# Screen printing help



## kiddkool (May 16, 2006)

Hello forum. I have been using a company that does a pretty good job screen printing my items, but they tend to fade or show the fuzzy cotton after a few washes. However, I have seen other screen printing that is more textured (thicker printing) and has lasted a lot longer. Does anyone have any suggestions on certain request I should make to acheive a better print job? Also, I am upgrading my t-shirt also, so this may help. Thanks in advance. 

Cortez


----------



## Rodney (Nov 3, 2004)

Hi Cortez,



> I have been using a company that does a that does a pretty good job screen printing my items, but they tend to fade or show the fuzzy cotton after a few washes


I'm thinking that if the screen printed designs are fading or showing the garment through the design after washing, that they aren't doing a pretty good job 



> Does anyone have any suggestions on certain request I should make to acheive a better print job?


I think I would just tell them your concerns as you've stated them here and ask them how they can address those issues.

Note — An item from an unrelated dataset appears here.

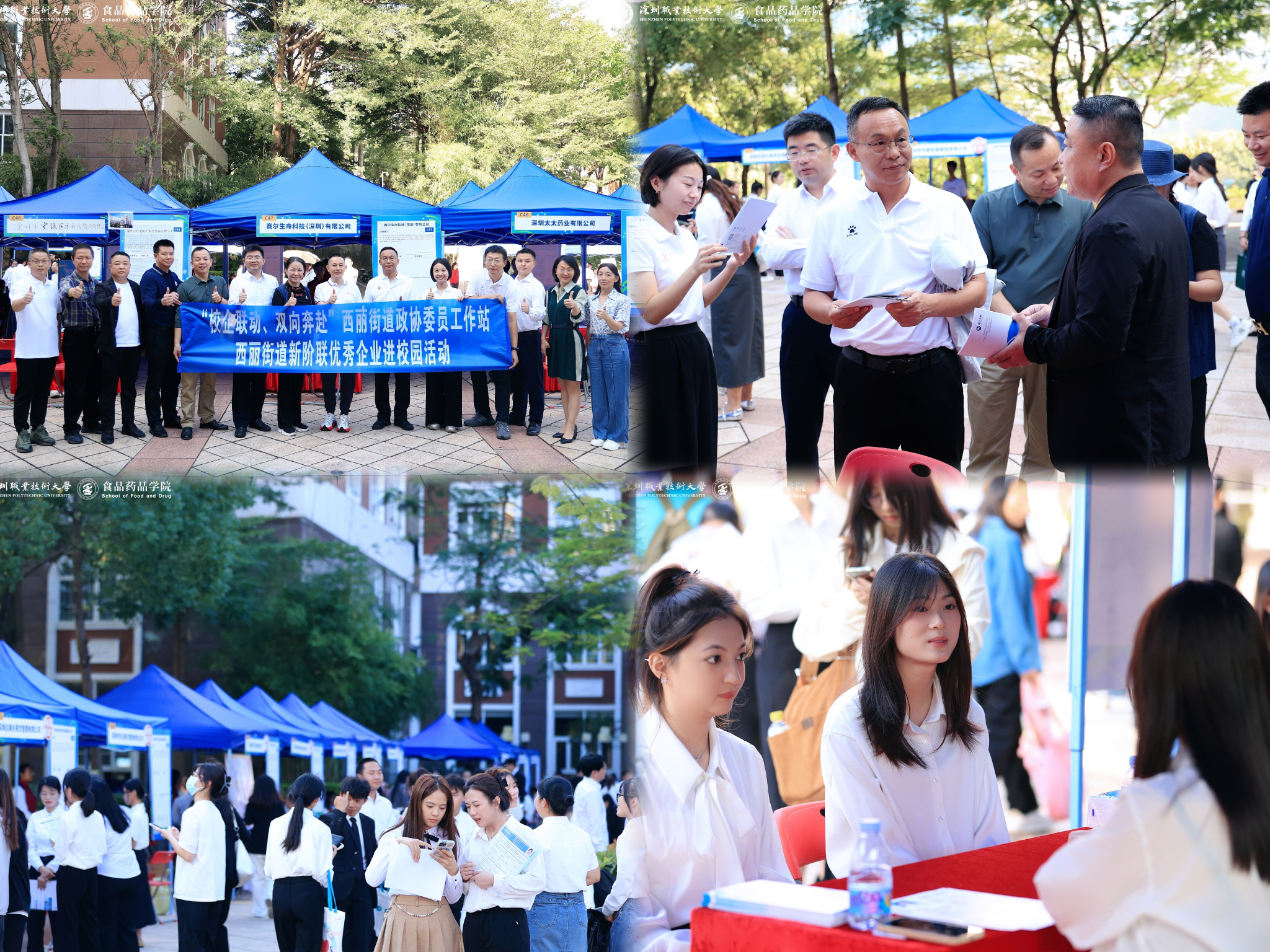 此外,在参加招聘会的企业中,有40余家企业来自深圳食品行业产教联盟和深圳生物医药产教联盟。两大产教联盟企业积极参与学院招聘会,进一步促进校际和校企之间多层面、多维度、全方位、深层次协作互动、合作共赢,推动学院人才培养。

They may not be giving your prints enough ink coverage, or it could be something else.


----------



## identityburn (Feb 24, 2006)

It sounds to me like they aren't putting enough ink down. All you have to ask them is to spot dry the first print then hit it again with the ink a second time. This will put another layer of ink on top of the now dried one which will get rid of the "fuzzy" stuff you're talking about.

Sometimes (especially on darks) it's difficult to completely get rid of this because when the screen touches the shirt on a pass it's not completely smooth, the screen will stick to the shirt for a moment and pull up some of the fibers.

Also most people only hit the ink once on light shirts because the ink doesn't have to be as opaque. I've noticed on shirts I've purchased that the thread coming through the design is a little more apparent. But as I stated before, hitting the ink again after a spot dry should make it look better, BUT it will make the ink much thicker on the shirt which will in turn make it worse in hot temerperatures on the wearer.


----------



## Fluid (Jun 20, 2005)

> they tend to fade or show the fuzzy cotton after a few washes.


This is called fibrelation. A couple of reasons cause this.

Way too much pressure when printing. The ink needs to lay on the shirt, NOT in the shirt.

Mesh counts are too high.


----------